Indeed. Such abnormalities used to be known as "incidentalomas." Incidentalomas are unexpected lesionis discovered on an imaging study done for other reasons. They first became a problem as CT scanning for trauma became more widely available and we discovered that they are much more common than expected. Whole body scanning is, in essence, looking for incidentalomas. If the abnormality is in the breast, perhaps working it up is not that big a deal. Breast biopsies, though not pleasant, are seldom dangerous. However, what if the lesion is in the lung, or a major abdominal organ? There is a risk of life-threatening complications from biopsying such lesions. For example, perforation of the intestines or stomach is an inherent risk in sticking needles into the abdominal cavity to biopsy lesions, resulting in the need for emergency surgery. The risk is relatively small, but it exists nonetheless. If whole body scanning became more prevalent, such complications would become less uncommon. There's another problem. Although the radiation dose of a single CT scan is relatively low, having several of them over several years (which, apparently, firms such as AmeriScan would encourage) does produce a radiation exposure that measurably increases one's risk of various cancers. Finally, one should not underestimate the anxiety patients go through when told they have an abnormality. I see this all the time with women coming in for evaluation of abnormal mammograms, most of whom do not have cancer.
Of course, one could make an argument (and the radiologists selling these scans, like Dr.
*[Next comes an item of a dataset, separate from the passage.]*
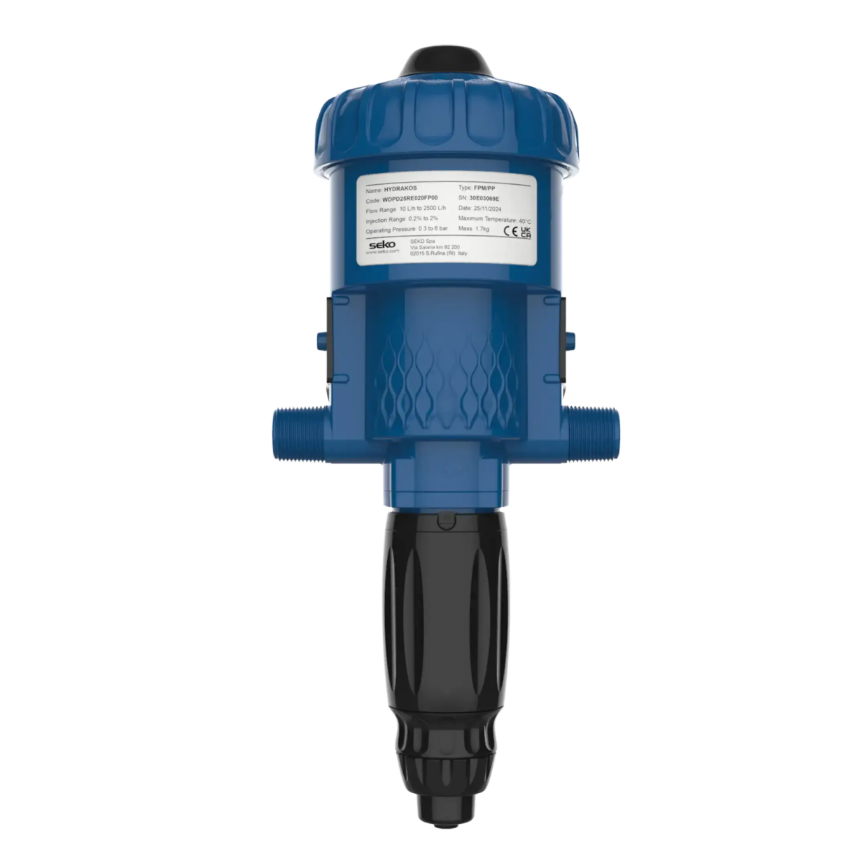 L’HYDRAKOS D25RE viene installato direttamente nella linea di alimentazione idrica, la pompa Seko WDP funziona utilizzando il flusso dell’acqua come fonte di energia. L’acqua attiva la pompa, che preleva la percentuale di concentrato richiesta direttamente dal contenitore e la inietta nell’acqua. All’interno della pompa, il prodotto viene miscelato con l’acqua e la pressione dell’acqua spinge la soluzione nell’a tubazione a valle.
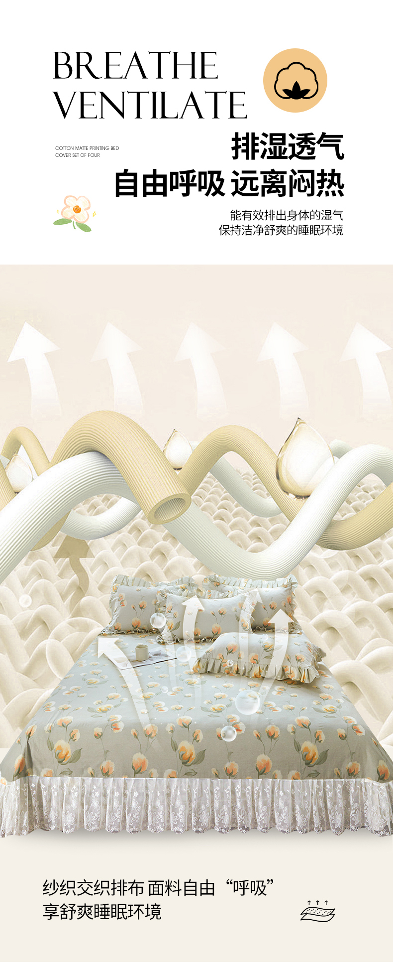 (总)宜凡家纺 2025新款全棉数码印花床裙四件套系列一,静若幽兰,浮云织梦,梦幻花园,陌上花开

Craig Bittner, founder of AmeriScan, did) that the risks of additional tests, additional radiation exposures, and the risk of complications from biopsies are outweighed by the benefits of finding tumors early or finding heart disease early. The problem is, with certain narrow exceptions of high risk populations (detecting lung cancers in smokers, for example), there is no evidence that such scans provide a benefit in terms of improved detection and survival. In essence, the incidence of cancers or abnormalities in an asymptomatic or otherwise healthy population is so low that most findings will be false positives. There's a reason insurance companies wouldn't pay for them. Sure, there will be a few cancers found that wouldn't otherwise have been found, which will lead to glowing testimonials (very similar to alternative medicine testimonials) about how scanning "saved" the patient's life. But the vast majority of findings will be either no finding at all or false positives. (Why this is true would make a good topic for a post of its own; I'll add it to the queue of future topics.) Remember, this is screening what is, in essence, an asymptomatic population. It's also screening a population that is well-off enough to afford to pay for these scans, which suggests the screening is being done in a population that is already likely to be healthier and have better access to health care than average.
I won't mourn the passing of these companies. Once again, recall what I said regarding evaluating therapies or diagnostic tests, whether conventional or alternative: The claims of conventional medicine and alternative medicine should be treated the same and that they should be held to the same standard of scientific and clinical evidence. I do not differentiate between the two when considering evidence, nor should you. You should treat the claims of any company that is selling a high-tech test with just as much skepticism as any altie claiming to cure cancer. Look for randomized clinical studies, not testimonials, and try to make sure that the studies cited actually address the claim that the company is making. Just because it's high-tech doesn't mean it's necessarily better.